YOUR TASK: Take the records below and set down exactly the lines from the one with "七分袖t恤男宽松夏带帽T恤男短袖韩版学生上衣原宿风青少年衣服潮" to the one with "Round, heart or", ends included; do not copy the pictures.

MATERIAL TO PROCESS:
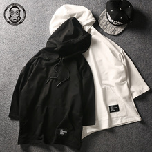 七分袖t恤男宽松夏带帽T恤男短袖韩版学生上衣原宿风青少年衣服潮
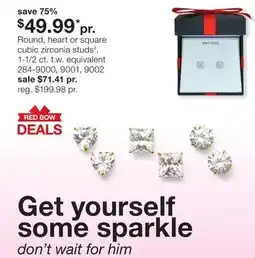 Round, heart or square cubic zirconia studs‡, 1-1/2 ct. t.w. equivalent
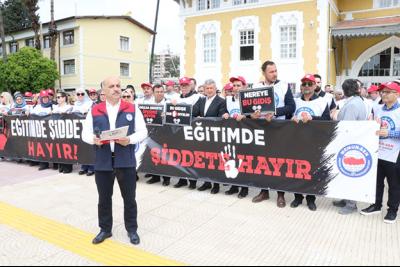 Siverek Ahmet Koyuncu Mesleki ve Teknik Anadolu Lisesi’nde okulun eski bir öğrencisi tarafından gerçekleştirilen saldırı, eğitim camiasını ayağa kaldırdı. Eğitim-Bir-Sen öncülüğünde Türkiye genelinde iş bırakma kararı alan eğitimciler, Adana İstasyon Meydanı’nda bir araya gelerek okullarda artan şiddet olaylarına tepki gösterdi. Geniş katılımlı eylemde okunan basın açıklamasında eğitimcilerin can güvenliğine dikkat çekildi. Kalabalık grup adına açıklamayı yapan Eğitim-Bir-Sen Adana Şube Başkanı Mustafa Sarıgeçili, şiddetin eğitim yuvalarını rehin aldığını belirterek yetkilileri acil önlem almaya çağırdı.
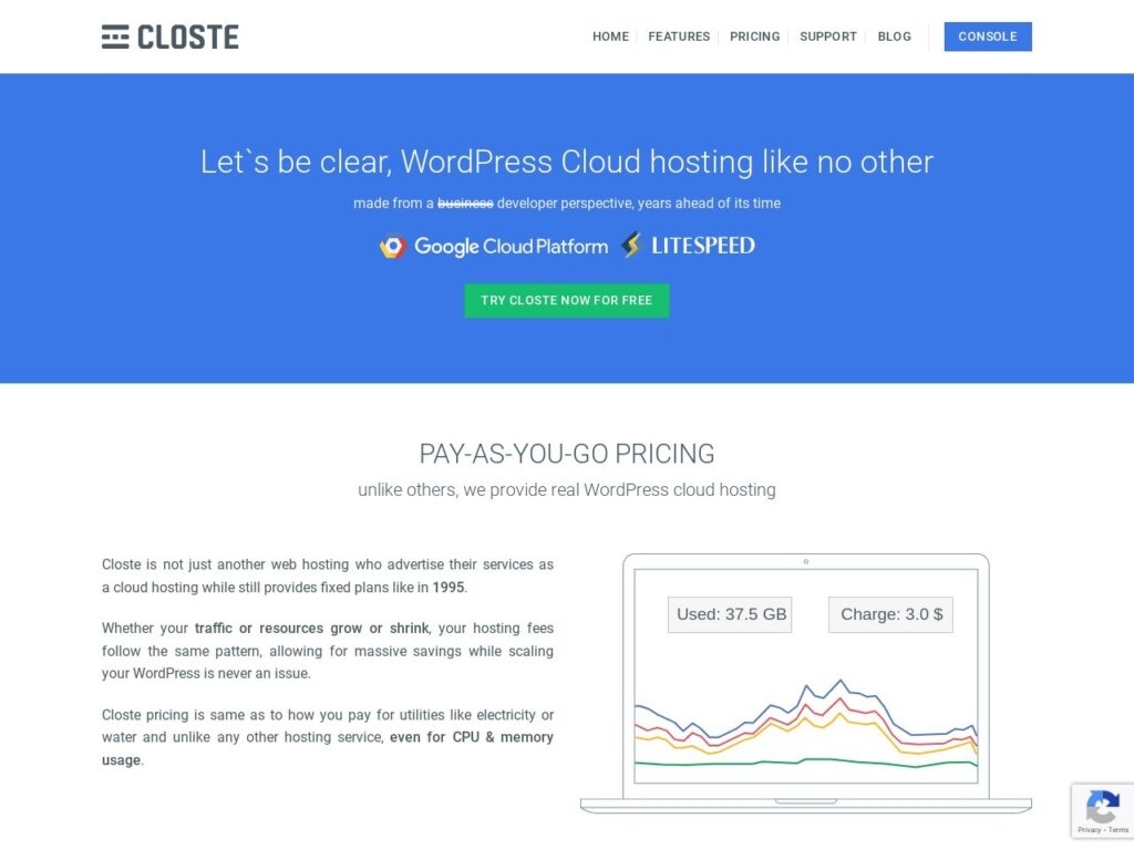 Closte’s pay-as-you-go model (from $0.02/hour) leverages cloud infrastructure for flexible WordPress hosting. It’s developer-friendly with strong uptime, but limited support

---

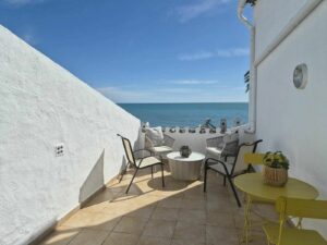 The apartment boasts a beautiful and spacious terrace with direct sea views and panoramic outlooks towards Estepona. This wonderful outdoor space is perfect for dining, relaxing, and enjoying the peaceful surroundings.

TASK ANSWER:
 七分袖t恤男宽松夏带帽T恤男短袖韩版学生上衣原宿风青少年衣服潮
 Round, heart or square cubic zirconia studs‡, 1-1/2 ct. t.w. equivalent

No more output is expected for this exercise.